South Florida Real Estate
Housing rebound eludes poor neighborhoods


Amid the rebound, poor neighborhoods still struggle with foreclosures, abandoned homes,and depressed prices

By Martha Brannigan

Little has changed at the sad, vacant bungalow at 9215 NW 29th Ct., since the night 2 1/2 years ago when neighbors overheard squabbling and called police.

One squatter had stabbed another to death, police say.

Today the 1947-vintage house remains abandoned. It is boarded up, though some planks are pried back and the door is ajar. Trash and yard debris pile high under a crumbling carport. Weeds have long since overtaken the yard.

Next door, Iftikhar Ahmad, a Pakistani immigrant who owns a 700-square-foot, two-bedroom, one-bath home, complains the place is a magnet for druggies.

Miami-Dade County is making international headlines for its swaggering resurgence from the housing crash, yet for the north-central neighborhoods comprising ZIP code 33147, the crisis remains today’s reality.

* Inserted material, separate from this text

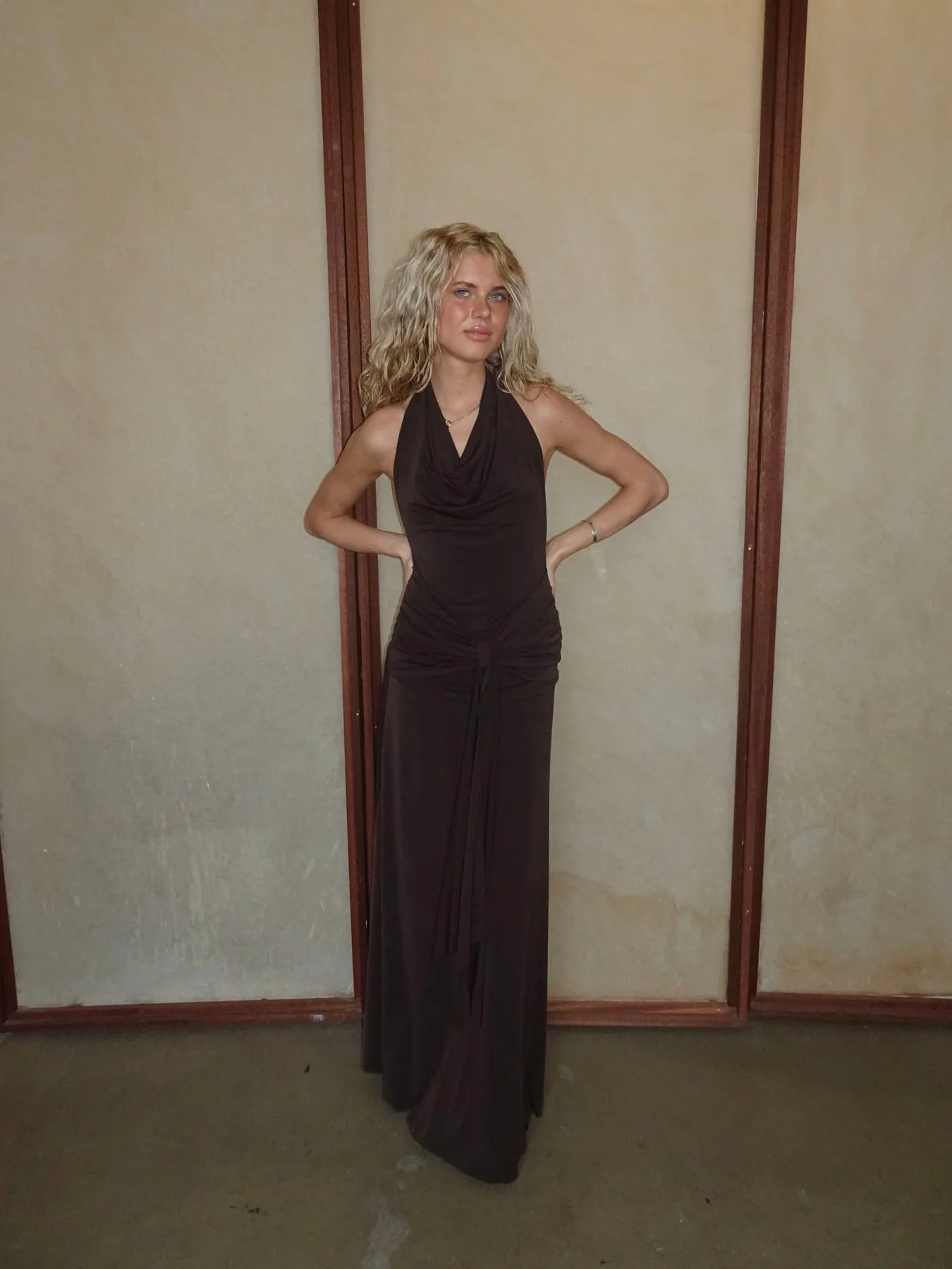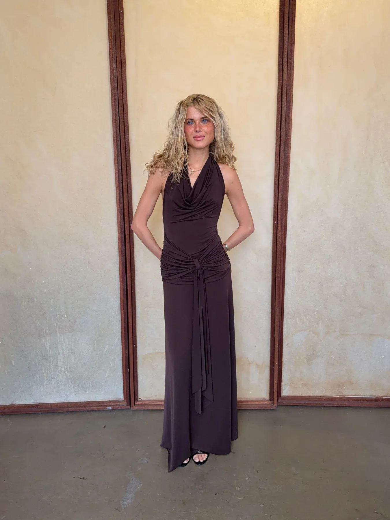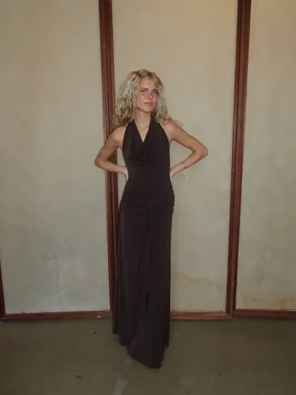 This beautiful maxi dress in a brown shade is the perfect combination of elegance and comfort. The dress is made from a soft, glossy, and lightly stretchable material that drapes beautifully along the body, creating a sophisticated look. The striking draping at the waist flatters the figure, while the wide tie belt allows you to adjust the fit and create a feminine silhouette.

Many homes are still in the labyrinth of foreclosure. Those property owners who survived — like Ahmad, 68, a retiree who himself went through a loan modification — are struggling with the fallout from neighbors who lost their humble homes.

On Ahmad’s east side, a decaying house with an illegal addition was seized by lenders in 2013 after a long foreclosure fight.

The property at 2925 NW 92nd St. sat empty for about a year, inviting menace and intruders until someone finally bought it in February. The price: $40,000.

"We had danger on two sides," said Ahmad, who often reads by his front window with a magnifying glass or prays with beads in hand. "Now, we have danger on one side."

In April, an electrical fire damaged Ahmad’s house, leaving him uncertain what to do. He’s uninsured.

Working-class neighborhoods

ZIP 33147 is another face of South Florida’s housing landscape, a world apart from the glittering condo towers that shape the popular image of Miami.

The swath of north-central Miami-Dade encompasses portions of Liberty City, Brownsville, and West Little River, working-class neighborhoods struggling for decades to overcome poverty, unemployment and urban decline. ZIP 33147 is home to Liberty Square, the first public housing project in Florida and a site of the 1980 race riots.

Over the years, a host of well-intended initiatives have taken stabs at lifting the area out of blight. Things never improved much. Then came the housing crash, triggering the worst recession since the Great Depression.

"The neighborhoods that were struggling before the crash are struggling even more now," says Arden Shank, president of Neighborhood Housing Services of South Florida, a nonprofit that helps people buy and keep their homes.

Prices lower than 2003

According to a Miami Herald analysis of home sales data, the median price for a home in ZIP 33147 is lower than it was more than a decade ago. Prices in these depressed areas spiked during the bubble, often unjustifiably, like elsewhere in Miami. But then they went down and stayed down.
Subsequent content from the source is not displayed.